§ **Your instructions**
The response consists of the lines from the start of the material below through the line holding "The sender taps", repeated word for word and without pictures.

§ **Collected data**

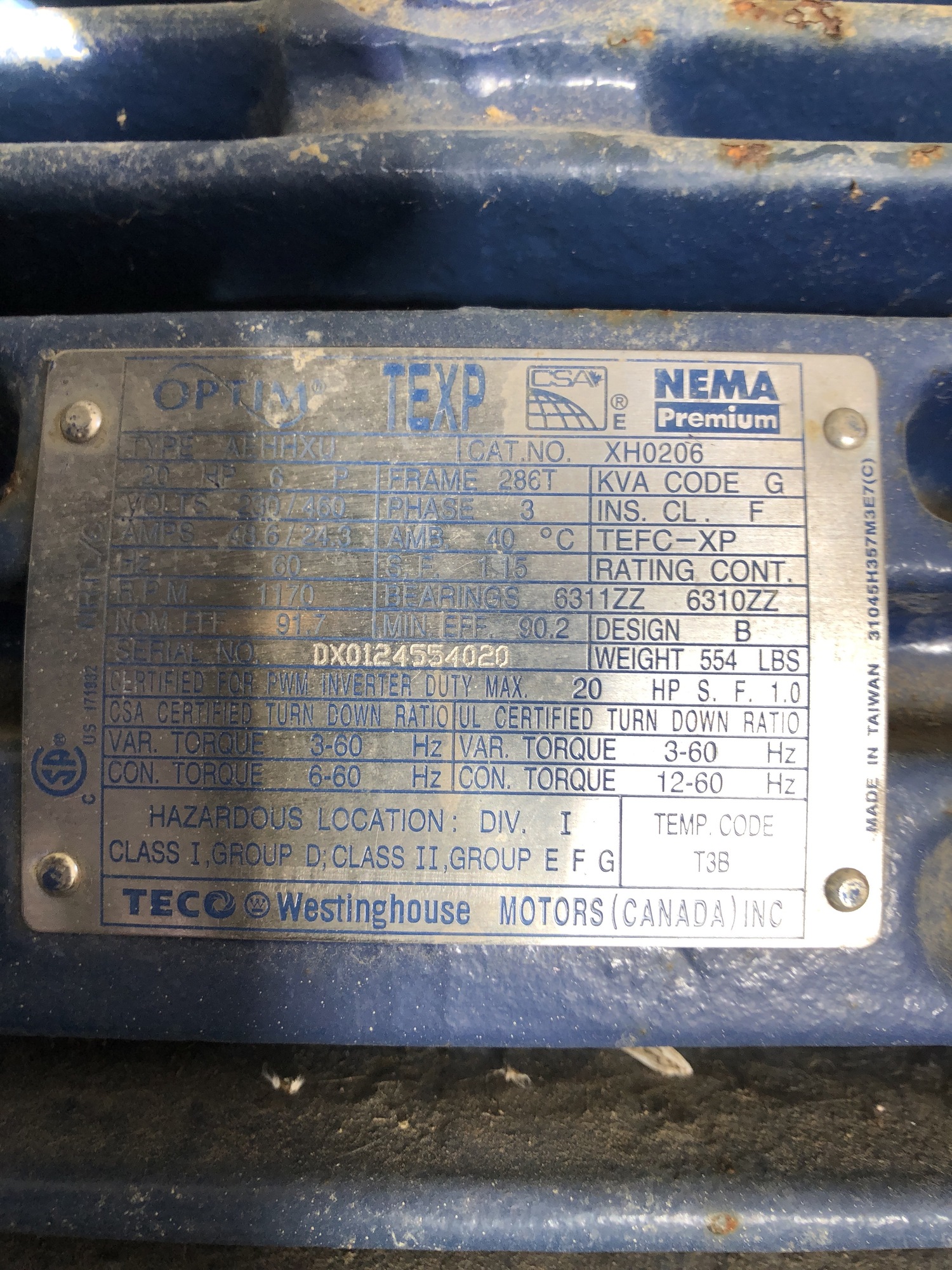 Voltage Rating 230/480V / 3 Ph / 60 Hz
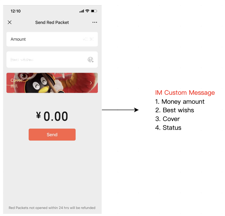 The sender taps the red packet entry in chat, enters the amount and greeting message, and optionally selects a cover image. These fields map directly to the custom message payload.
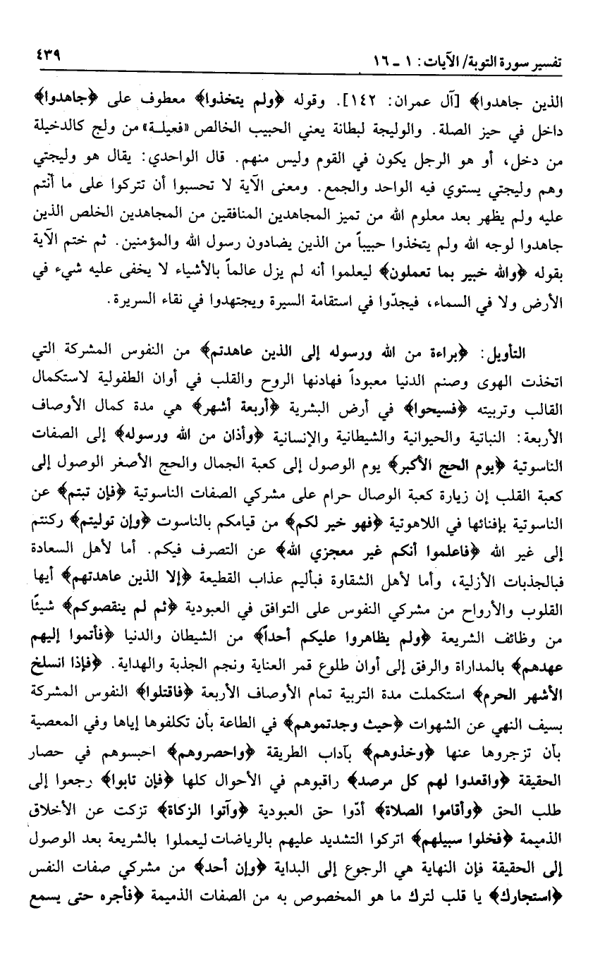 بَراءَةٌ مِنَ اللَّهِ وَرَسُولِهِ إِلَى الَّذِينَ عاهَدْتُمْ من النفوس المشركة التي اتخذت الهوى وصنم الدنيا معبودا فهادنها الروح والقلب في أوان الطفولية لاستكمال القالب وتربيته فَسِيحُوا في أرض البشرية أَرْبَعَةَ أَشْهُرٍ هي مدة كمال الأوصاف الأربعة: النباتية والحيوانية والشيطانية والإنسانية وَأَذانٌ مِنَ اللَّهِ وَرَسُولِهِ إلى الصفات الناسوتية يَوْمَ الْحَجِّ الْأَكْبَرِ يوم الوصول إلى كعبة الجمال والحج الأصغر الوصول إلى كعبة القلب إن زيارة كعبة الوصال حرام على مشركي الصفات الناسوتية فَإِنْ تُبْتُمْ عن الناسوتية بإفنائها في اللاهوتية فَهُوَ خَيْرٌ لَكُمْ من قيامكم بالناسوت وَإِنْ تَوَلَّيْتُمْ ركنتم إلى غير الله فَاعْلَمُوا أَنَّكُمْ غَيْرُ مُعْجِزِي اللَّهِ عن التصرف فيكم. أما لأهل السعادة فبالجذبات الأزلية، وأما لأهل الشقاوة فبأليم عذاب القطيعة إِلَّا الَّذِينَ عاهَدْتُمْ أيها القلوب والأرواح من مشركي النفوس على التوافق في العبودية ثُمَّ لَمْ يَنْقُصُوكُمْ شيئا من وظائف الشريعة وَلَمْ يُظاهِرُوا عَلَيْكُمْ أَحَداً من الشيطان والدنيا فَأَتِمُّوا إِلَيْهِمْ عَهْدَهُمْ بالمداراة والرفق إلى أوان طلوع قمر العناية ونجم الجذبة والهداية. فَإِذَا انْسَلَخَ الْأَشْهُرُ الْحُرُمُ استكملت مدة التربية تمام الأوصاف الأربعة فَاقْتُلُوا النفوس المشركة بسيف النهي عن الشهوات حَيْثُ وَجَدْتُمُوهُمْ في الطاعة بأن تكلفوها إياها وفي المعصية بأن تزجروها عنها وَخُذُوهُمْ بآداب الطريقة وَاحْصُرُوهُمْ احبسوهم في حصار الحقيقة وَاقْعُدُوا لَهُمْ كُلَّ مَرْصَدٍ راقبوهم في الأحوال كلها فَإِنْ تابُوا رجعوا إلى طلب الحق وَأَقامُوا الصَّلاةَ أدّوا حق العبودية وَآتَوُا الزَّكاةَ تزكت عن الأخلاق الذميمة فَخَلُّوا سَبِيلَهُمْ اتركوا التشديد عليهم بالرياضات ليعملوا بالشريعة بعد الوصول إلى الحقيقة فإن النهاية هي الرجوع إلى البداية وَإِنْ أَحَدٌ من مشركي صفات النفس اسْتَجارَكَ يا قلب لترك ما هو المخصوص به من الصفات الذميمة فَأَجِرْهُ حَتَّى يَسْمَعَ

§ **Finished exercise**
 Voltage Rating 230/480V / 3 Ph / 60 Hz
 The sender taps the red packet entry in chat, enters the amount and greeting message, and optionally selects a cover image. These fields map directly to the custom message payload.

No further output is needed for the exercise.